Schon zu V8-Zeiten wurde an dieser Front geschummelt, wo es nur ging: Der Engine-Freeze soll die Motorenhersteller daran hindern, unendlich viel Geld für die Entwicklung der Triebwerke auszugeben. Im Idealfall soll die Entwicklung auf kleinster Sparflamme vorangetrieben werden. Änderungen dürfen nur aus Gründen der Zuverlässigkeit, Kostenreduktion oder Sicherheit vorgenommen werden.

Eigentlich. Denn schon im V8-Zeitalter wurde hier getrickst, was das Zeug hielt. Seit der Einführung der Power Units ist das noch schlimmer geworden. Obwohl den Herstellern im vergangenen Jahr keine Tokens während des Jahres zur Verfügung standen, wurden die Motoren nicht nur zuverlässiger, sondern auch leistungsstärker.

Auch bei den V8 war nicht alles Friede, Freude, Eierkuchen, Foto: Mercedes-Benz
Auch bei den V8 war nicht alles Friede, Freude, Eierkuchen, Foto: Mercedes-Benz

Das hängt von mehreren Faktoren ab: Zum einen gehen die Teams nicht bis an die Grenze, um Sicherheitsreserven zu haben. Kommen tatsächlich Zuverlässigkeits-Upgrades, verschiebt sich diese Grenze mit den Sicherheitsreserven und es kann mehr Leistung abgerufen werden.

Außerdem spielt die Software bei den Power Units eine unglaublich große Rolle. Wann wird Energie von welcher MGU eingespeist, wann abgegeben? Steuergeräte gehören zwar zu den begrenzten Power-Unit-Komponenten, die Software allerdings nicht. Vor allem die Fahrbarkeit kann mit unterschiedlicher Software extrem verbessert werden.

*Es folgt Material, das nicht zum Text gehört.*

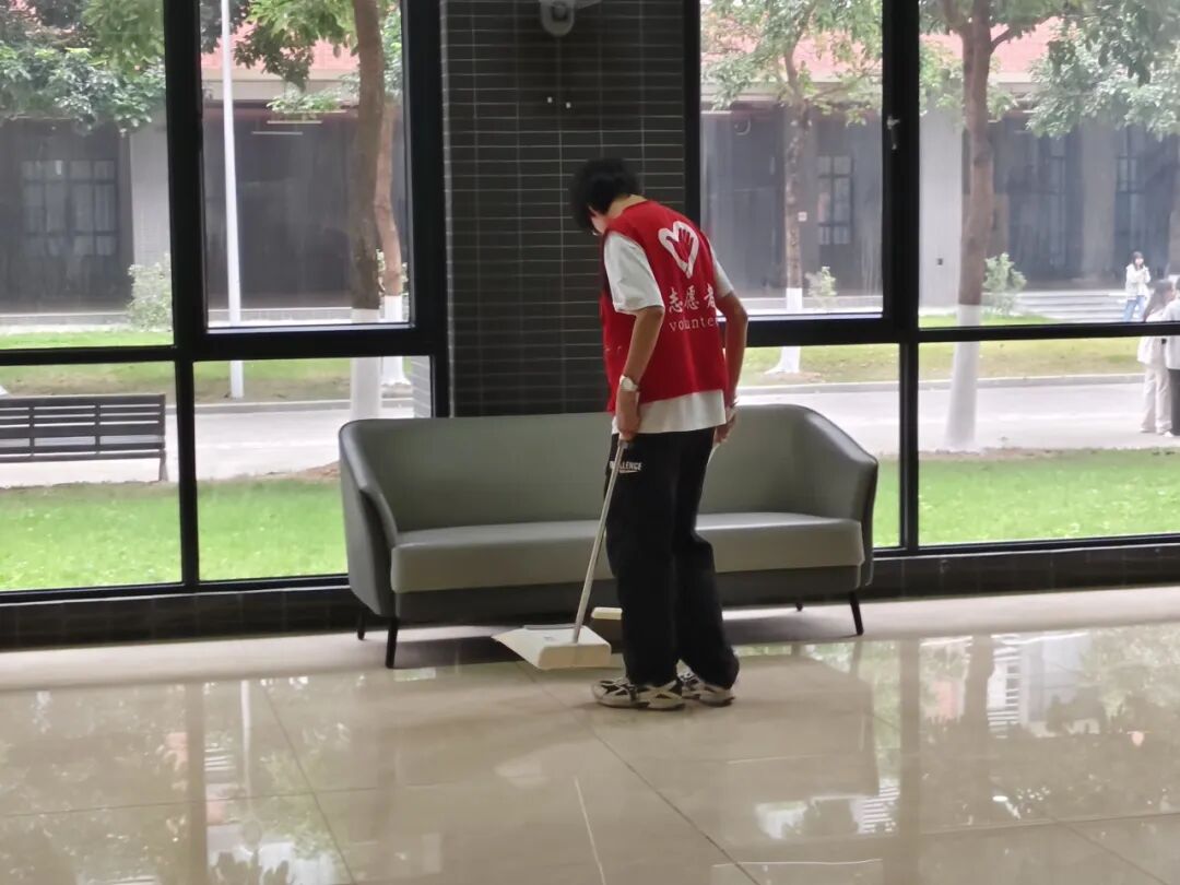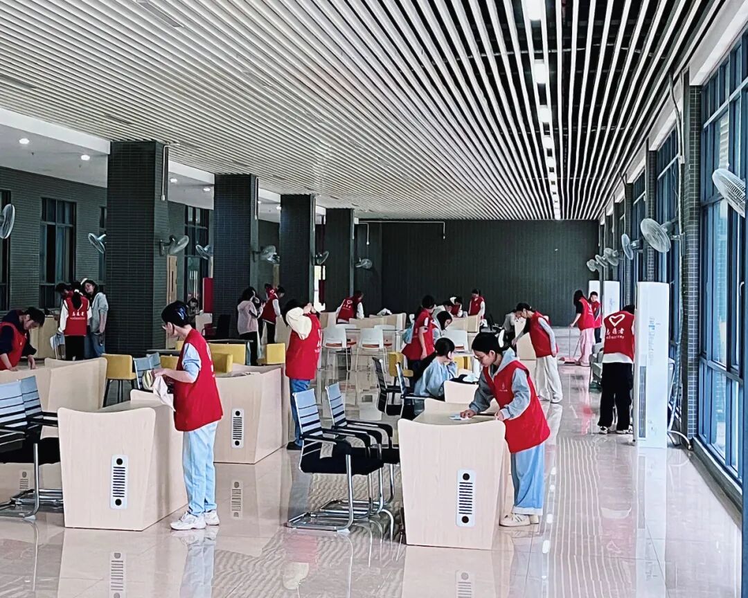 经过一个小时的共同努力,学业帮扶中心内环境焕然一新:桌椅排列整齐,地面干净明亮,学习氛围更加舒适有序。此次活动不仅改善了同学们的共学环境,也让志愿者们在劳动中体会到服务校园的成就感与归属感。
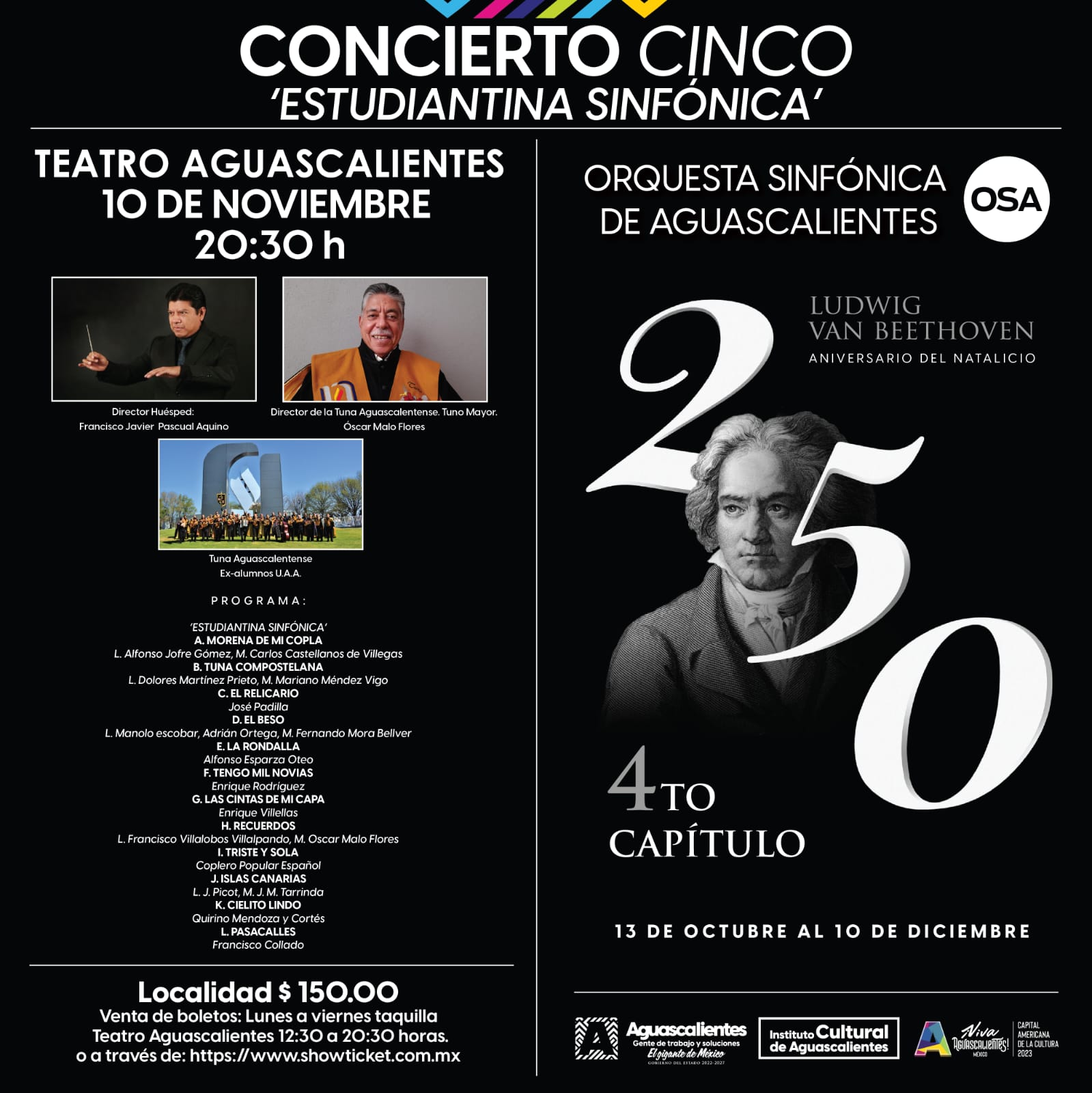 Las y los asistentes podrán disfrutar de una inolvidable noche en la que las letras de la estudiantina serán acompañadas por la OSA con la participación del director invitado Francisco Javier Pascual Aquino y del director de la Tuna Aguascalentense, el Tuno Mayor Óscar Malo Flores.
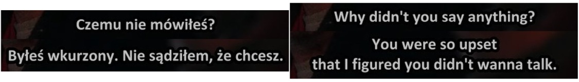 Wracając jeszcze do El Eternauta, z racji że w kilku miejscach nie zrozumiałem dialogu oglądając to wróciłem i miejscowo porównałem napisy, oczywiście te angielskie zdają się też być dosyć luźnym tłumaczeniem, ale miejscami te polskie kompletnie gubią sens. Przykładowo tutaj - dialog między postaciami, główny bohater rozmawia z postacią epizodyczną z którą był razem w armii, osoba straciła nogę i nie radziła sobie z życiem, spotykają się w tej nowej rzeczywistości i główny bohater pyta dlaczego ten drugi nie przyszedł porozmawiać (poprosić o pomoc), na co odpowiedź, że nie przyszedł, bo uważał, że główny bohater rozmawiać nie będzie chciał. Po polsku w "Nie sądziłem, że chcesz" kompletnie nie wiadomo o co chodzi - "chcesz" co? Zwłaszcza że to cały dialog dotyczący tego tematu...
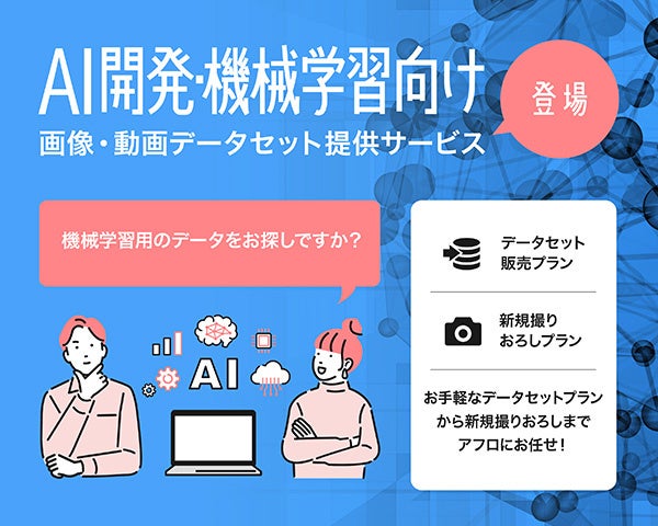 株式会社アフロ(本社:東京都中央区、代表取締役:青木 紘二、以下「アフロ」)は、アノテーション向けプラットフォームサービスを提供する株式会社APTO(本社:東京都渋谷区、代表取締役:高品良、以下「APTO」)と業務提携を行いました。これを受けて、昨今のAI・テクノロジーの発展に合わせて需要が高まっている画像や動画の機械学習向けにデータセット提供を開始いたします。

Trotzdem nutzen die Hersteller zahlreiche Nachbesserungen nur unter dem Vorwand der Zuverlässigkeit. Alle fünf 2014 eingesetzten Power Units jedes Herstellers, unterschieden sich wegen dieser Upgrades voneinander. Auch Mercedes nahm bei jeder neuen Power Unit solche Änderungen vor.

Zwar gab es bisher auch schon ein festgeschriebenes Prozedere, um derlei Änderungen zu beantragen, das wurde aber zum Monaco GP noch verschärft. Warum? Die Motorenhersteller mussten die Entwicklungstoken nicht komplett über den Winter aufbrauchen, sondern durften beliebig viele für die Entwicklung während der Saison aufheben.

Und beim Blick auf die Tabelle lässt sich erahnen, wer die treibende Kraft hinter der Verschärfung gewesen sein dürfte. Renault hat sich zwölf Tokens für das Jahr aufgespart, Ferrari zehn, Mercedes lediglich sieben. Honda erhält durch eine Ausnahmeregelung den abgerundeten Durchschnitt der drei anderen Hersteller, also neun.

Hersteller Benutzte Tokens Übrige Tokens
Ferrari22 10
Honda 9
Mercedes25 7
Renault20 12

Renault hat also die meisten 'legalen' Mittel, um sich verbessern zu können. Somit kommt es den Franzosen gelegen, dass die FIA einen genaueren Blick auf den Zuverlässigkeitsparagraphen wirft - zumal in dieser Saison bislang noch kein einziger Hersteller auch nur einen einzigen Token gezogen hat.

Wenig beeindruckt von der Direktive zeigte sich deshalb auch Renault Sport F1 Managing Direktor Cyril Abiteboul gegenüber Omnicorse: "Ich bin nicht überrascht, denn im vergangenen Jahr gab es ungefähr 50 Anfragen für die Motoren, die von allen Herstellern kamen. Es ist nicht einfach, all diese Änderungen zu verwalten, deswegen überrascht es mich nicht, dass die FIA in dieser Sache mehr Kontrolle haben will." Und Renault stört diese Kontrolle wohl auch weniger.